# Lallemand Abbaye Belgian Ale Yeast



## lukiferj (2/11/14)

Looks like Lallemand have a new Belgian yeast coming out. Will be keen to try this and see how it compares to its liquid brethren.

http://lalvin.danstaryeast.com/company/products/abbaye-belgian-ale-yeast


----------



## Guvner77 (2/11/14)

Hi Lukiferj, yes this yeast isn't far away. 

Visit hoppydaysbrewingsupplies.com.au New Brissy based brewing supplies offering a sample sachet for the first 5 x orders.


----------



## Markbeer (3/11/14)

Looks to be different to the only other Belgian non-Saison dry yeast Fermentis T-58.

Will be looking forward to trying this out.


----------



## RobB (4/11/14)

It's interesting that Fermentis and Lallemand are both releasing a yeast called "Abbaye" at about the same time. The Fermentis version is getting luke warm reviews on some of the US boards, so hopefully the Lallemand product is is a different strain.


----------



## indica86 (9/1/15)

Well just bottled a simple pale fermented with this.
I did not see any temps recommended for fermenting so I did so at 18°c and raised to 20° at the end to help an IPA that was next to it finish.
Went quite well and took off quickly. Smelt like bananas when I was bottling it.


----------



## HBHB (9/1/15)

Will revisit this one later, but frankly, it was OK, nothing to write home about. Mild oddball fruitiness, maybe a hint of clove and some peppery spiciness. Piched at 17 and elevated daily to 22 done and dusted 1.056 gravity beer, finished dryish 2 packs pitched.

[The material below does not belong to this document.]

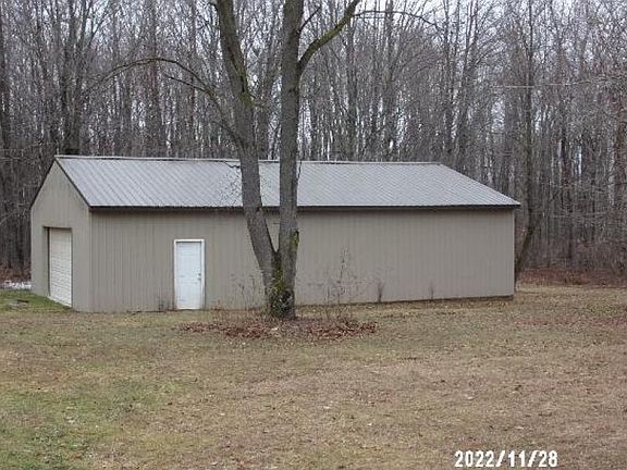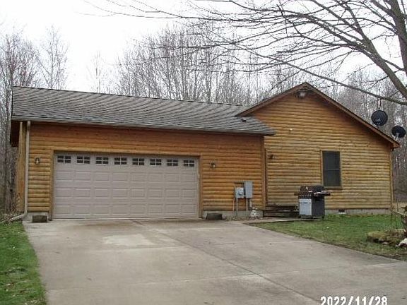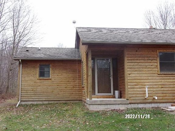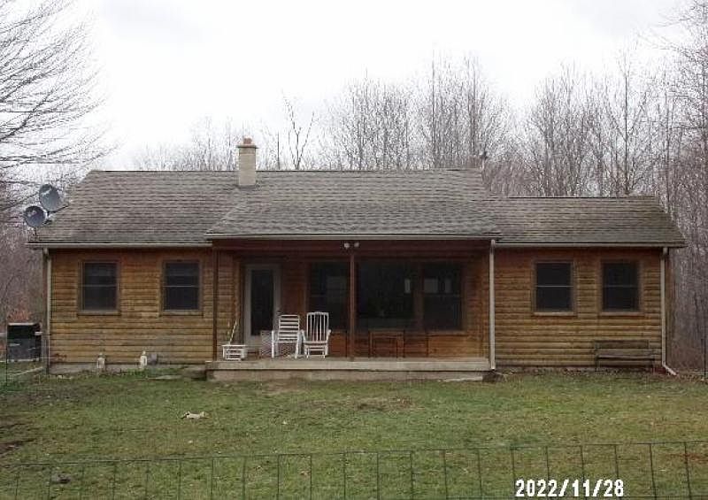 100% Wooded property with Two Bedroom Two bath 1/2 log exterior ranch home with two car attached garage. Extra insulation in ceilings and wall along with good Hurd windows. LP gas forced air heating system with central air along with top quality Wood Stove to help heat this quality custom built home. Open concept Kitchen-Dining-Living room (19.5 x 29) with Hand scraped oil finished Hickory flooring, Blue Pine Ceiling and great view out the living room to back yard and patio. Master Bedroom (16 x 16) has walk-in closet with Master Bathroom (7 x 9) with walk-in shower (Tiled) Second Bedroom is 10 X 14 and is just off the second full bathroom (5 x 8) with ceramic tile flooring. Extra deep crawl space off the garage gives plenty of storage room. Beautiful 40 acres of woods has lots of Deer, Turkeys and other wildlife. Pole barn is 30 x 48 and has cement flooring, 16' overhead door with opener, 10' ceilings and electrical. Also garden area and small chicken Coop (chickens included if you want). Secluded living on this 40 wooded acres and newer Ranch home. A must see property.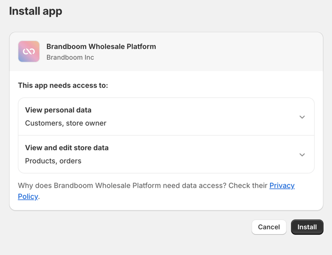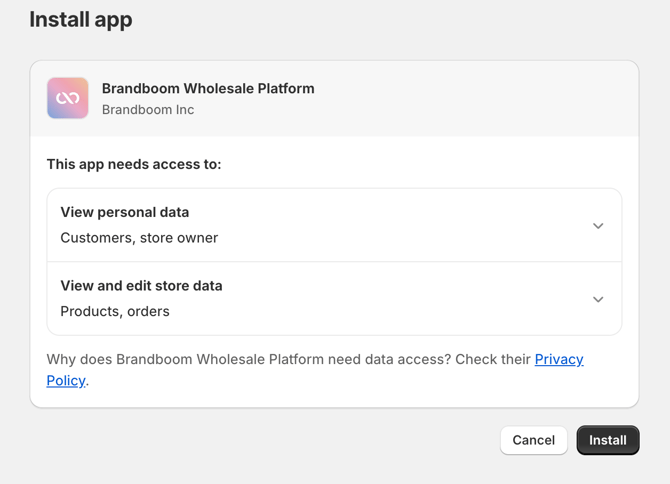 You will be redirected to Shopify's website. Log in to your Shopify account. If you haven't already, you will be prompted to install the "Brandboom B2B Wholesale App." Click 'Install' to integrate with Shopify.

Frankly, I don't think it's filled any void & can't say there was anything stunning about it. Maybe a good yeast for those who don't like estery beers.


----------



## indica86 (3/2/15)

I really liked it.
Did a Belgian ish blonde with it - Saaz hopped.
Bit of banana but clean and crisp and clear.
Could pass for Aussie Bitter.
I will use it again.


----------



## Blind Dog (3/2/15)

indica86 said:


> I really liked it.
> Did a Belgian ish blonde with it - Saaz hopped.
> Bit of banana but clean and crisp and clear.
> Could pass for Aussie Bitter.
> I will use it again.


A Belgian abbey yeast that turns out beers that could pass for an Aussie Bitter is hardly a good thing though surely? I'd be pretty p****d if I'd tried to make a tripel or other recipe suggested by the yeasts name only to end up with a VB clone

Thanks for posting your results though as I was vaguely thinking of trying one of the dried abbey yeasts for a cubed Leffeesque blond, but think ill now save that experiment for something else


----------



## indica86 (3/2/15)

It could be from what I made though. Very simple grain bill with late Saaz. Take from that what you will.


----------



## manticle (3/2/15)

Many good tripels are very simple grist plus nobles. I'm with BD - I expect a bit more punch from a belgian yeast.


----------



## indica86 (3/2/15)

All good, others mileage may vary.
Problem is the is not a suggest ferment range with this yeast so perhaps that was an issue?


----------



## spaced (20/5/15)

Bumping this thread to see if anyone has anymore experience with this yeast. 

If not I'll run it at current brisbane temps and see what happens.


----------



## lukiferj (20/5/15)

Havent used it yet but keen to. Keep us updated on how it turns out.


----------



## HBHB (21/5/15)

Revisiting - several weeks post bottling.

Failed to be overly impressed. Still some light esters present, but certainly no wow factor.

Light spiciness and faint fruit of some sort, faintest hint of bubblegum a little clove and ?pepper.

I'll re-do the recipe, and play harder with the temps to see what it can push out, but seriously underwhelmed. Have kept 2 or 3 champaign bottles to revisit later. Not holding high hopes.

Martin


----------